The default Apache installation does not contain any means of enabling SSL. So, before we can use the certificate we generate in this tutorial, we’ll need to prepare Apache. To enable SSL support, you do the following:

  • Redhat CentOS
    yum install mod_ssl -y
  • Ubuntu
    sudo ln -s /etc/apache2/mods-available/ssl.conf /etc/apache2/mods-enabled/ssl.conf
    sudo ln -s /etc/apache2/mods-available/ssl.load /etc/apache2/mods-enabled/ssl.load

Generating a Self-signed Certificate

Generating self-signed certificates is an easy way to encrypt your data transmission; however, the certificates will be signed by you, an untrusted public identity. Every user who accesses your website will receive certificate trust errors. If your application is only going to be accessed by a small set of common users, you can have them install your certificate authority key.

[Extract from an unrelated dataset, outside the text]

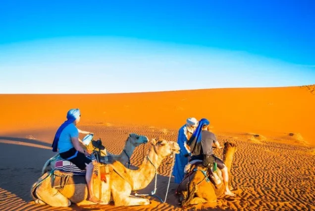 Nos despertaremos iremos a desayunar a las 08 de la mañana salida desde el hotel hacia marrakech de excursión de 4 dias y 3 noches desde desierto de Merzouga, pasando por Rissani, una de las ciudades más antiguas de Marruecos y capital de la dinastía Alaouite allí haremos una parada a la salida del pueblo para sacar la foto de la puerta del desierto, y atravesando los áridos y al mismo tiempo interesantes paisajes pre-desérticos hasta llegar al Valle del Draa donde realizaremos una parada para disfrutar de este precioso valle que discurre junto al río que lleva el mismo nombre. Es el río más largo de Marruecos y cruza todo el país hasta Mauritania y otra parte llega hasta la playa blanca. cruzaremos el Anti Atlas (Ait Saouen) para llegar a Ouarzazate, almuerzo en un restaurante típica de la ciudad . por la tarde cruzaremos el Alto Atlas hasta llegar a marrakech, os dejamos hasta dónde puede llegar con el coche y fin de nuestro servicio de excursión de 4 días y 3 noches desde Marrakech al Desierto de Merzouga Sahara Marruecos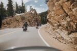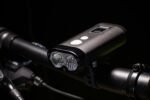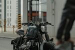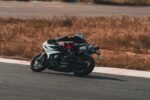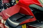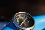 Close-up of a blue motorcycle’s dashboard and fuel tank.

  1. Private Key: These keys are the most important part of the a certificate tree. It is the highest level of trust in the tree, used to generate, encrypt and decrypt all public keys under its authority. It is very important that you secure this file. If this key is trusted as a signing authority by all of your users and someone where to get a hold of it, they’d be able to generate their own keys, that your users would trust, allowing them to do man-in-the-middle attacks to steal information. To generate a key you must specify an output file and an encryption level. In our example, our private key is going to be called private.key and it will have an encryption strength of 2048 bits.
    openssl genrsa -out ca.key 2048
  2. Certificate Signing Request (CSR): The second step is to generate a certificate signing request. This is used with the key generated above to create a certificate.
    openssl req -new -key ca.key -out ca.csr
  3. Generate Self Signed Key: Now we move onto the third and final step: generating our own certificate.
    openssl x509 -req -days 365 -in ca.csr -signkey ca.key -out ca.crt
  4. Copy the files to the correct locations: Now that our signing key, certificate request, and certificate have been generated, it’s time to move them to an appropriate place on our server. We’ll then point Apache to these locations for website’s SSL encrypted website.
    cp ca.crt /etc/pki/tls/certs
    cp ca.key /etc/pki/tls/private/ca.key
    cp ca.csr /etc/pki/tls/private/ca.csr

SSL-Enabled Website

Apache has the required mod installed and our certificate has been generated. Since SSL works over port 443, by default, we need to create a virtual server to catch all HTTPS requests. Within the virtual server, we’ll define the required certificate options.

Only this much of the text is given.